Protesters holding placard in the US. Reuters

A second reason for protests in countries like India, Malawi and Colombia stems from the massive inequality and poverty in these countries, where most of the workers affected by the sudden lockdown on movement and work have had to rely completely on the charity of the government and civil society. The protest of almost a thousand migrant workers in Mumbai and various other parts of India has been to demand a right to passage to their own villages, where they claim to have a greater social network to be able to survive without any income and to avoid the precariousness of survival in big cities. In Malawi too, most of the workers protesting are daily earners who would not be able to survive without going out and working each day. 

Though the protests might be for radically different reasons, there might be some merit in people still being able to question the measures of the government and fight for the right to survive in the pandemic. Even the organizer of the protest in the US, Christian Yingling, a “former commanding officer of Pennsylvania’s Light Foot militia,” was quoted in one report explaining his willingness to endanger his health and the health of others: “My mortgage payment is late, my truck payment is late, and if I lose either of those I’m dead in the water.” Instead of dismissing the right-wing movements as “fringe” and the workers’ movements as ill-informed, one must see these concerns as a need for an alternative to a system that seemed so ill-prepared for a crisis. 
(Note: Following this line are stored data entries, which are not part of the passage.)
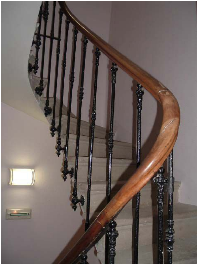
Vue intérieure d'un escalier secondaire d'origine, en fonte.
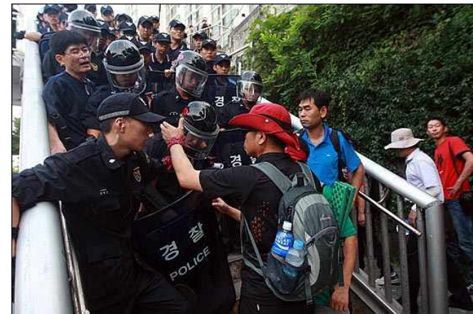
[사진설명] '4차 희망버스' 둘째날인 28일 오전 서울 서대문구 무악청구지벤 아파트 앞에서 희망버스 참가자들이 인왕산으로 올라가기 위해 이동하자, 경찰들이 막고 있다. 9)
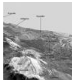
Aratz mendiko planoak. HITZA

Irteera Ibarra-ko plazatik egingo dute. 08:30ean abiatuko dira. Ibarra-ko taldeetako kideek jende oro gonbidatzen dute txangoan parte hartzera, eta gogoratu arazi, beti bezala sorpresatzen bat izango dela. Informazio gehiagonahi duenak 652 71 58 00 telefono zenbaki-
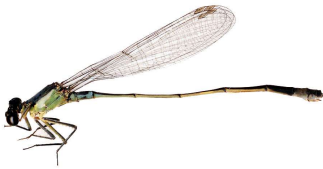
Hoikkatytönkorento ( Ischnura elegans ) Blue-tailed Damselfly Allmän kustfläckslända
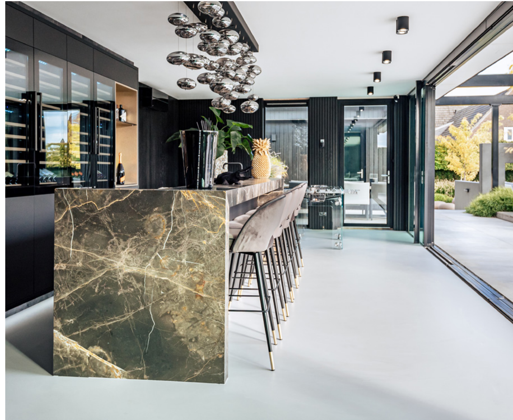
BRONZE FANTASY MARMER • LEATHER-FINISH
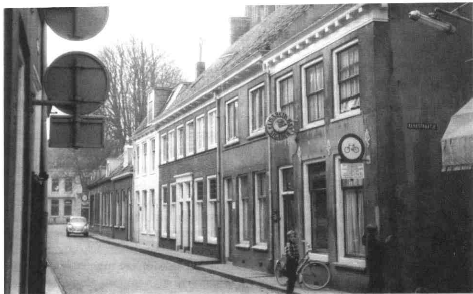
'De Zeven Huisjes' gezien vanuit de Peperstraat op een foto uit ca 1970

People are quick to give natural phenomenons a mystical meaning. Many scientific-minded people have called COVID-19 a warning bell from nature to human beings and their modern-day industrial activities, and some have taken it upon themselves to chide humanity (especially China) for its meat-eating habits and sees COVID-19 as championing the point of vegetarians. But, any such view that tries to provide a broader supernatural character to the virus or nature would be falling into the same trap that it claims to criticize, i.e. that nature cares enough about human beings to even directly communicate with them through these natural calamities. The truly scientific way forward is to realize that there is no larger meaning to the virus; it is an absurdity, a black hole in man’s scientific understanding. A post-COVID-19 world, if such a world is to come anytime soon, is not a world that should emerge after fighting or reconciling with nature. On the other hand, it is time for people to question the efficiency of the current world order built by us as a society, its fragility and realize our agency in restructuring it.
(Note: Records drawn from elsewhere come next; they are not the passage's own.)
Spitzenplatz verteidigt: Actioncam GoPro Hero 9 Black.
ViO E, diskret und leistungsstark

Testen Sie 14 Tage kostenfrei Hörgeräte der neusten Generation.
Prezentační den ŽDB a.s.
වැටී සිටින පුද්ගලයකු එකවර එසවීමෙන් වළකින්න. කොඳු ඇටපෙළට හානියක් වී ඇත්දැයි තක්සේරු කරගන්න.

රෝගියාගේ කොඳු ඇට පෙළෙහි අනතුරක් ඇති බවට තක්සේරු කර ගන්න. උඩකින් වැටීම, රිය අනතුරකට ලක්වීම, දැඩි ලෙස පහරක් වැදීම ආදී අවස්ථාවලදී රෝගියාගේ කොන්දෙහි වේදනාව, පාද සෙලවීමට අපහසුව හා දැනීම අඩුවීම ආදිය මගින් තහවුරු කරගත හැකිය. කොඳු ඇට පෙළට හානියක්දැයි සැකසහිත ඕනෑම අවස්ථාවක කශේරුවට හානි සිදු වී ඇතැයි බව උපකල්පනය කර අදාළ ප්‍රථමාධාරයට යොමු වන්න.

Will there be a restructure in the global economy? Eric Risber, AP

The pandemic has hit us at a time of grave political unrest in various countries, and with the weakening of the world economies (to levels similar to the Great Recession), people need to realize that the real antagonisms are much bigger than this virus. But, as John Mueller described in his seminal paper in 1970, a pandemic could increase a government’s popularity because the citizens “prioritizing country over politics”. People would be much more submissive to government’s policies, even if flawed, to both encourage the government to make good policies and for people’s need to rest back on some sort of certainty in times of crisis. A much grimmer outcome of this pandemic could be a greater propensity among people to unquestioningly accept the measures enacted by the government, which with a crash in the world economy could lead to barbaric measures of choosing who is worth saving and who can be sacrificed to the forces of The Market. If we fail to do so, even if we develop a vaccine for the virus, the world will have to witness even greater calamities in the aftermath of the pandemic.

Aditi Gautam is a contributing editor for Catharsis Magazine.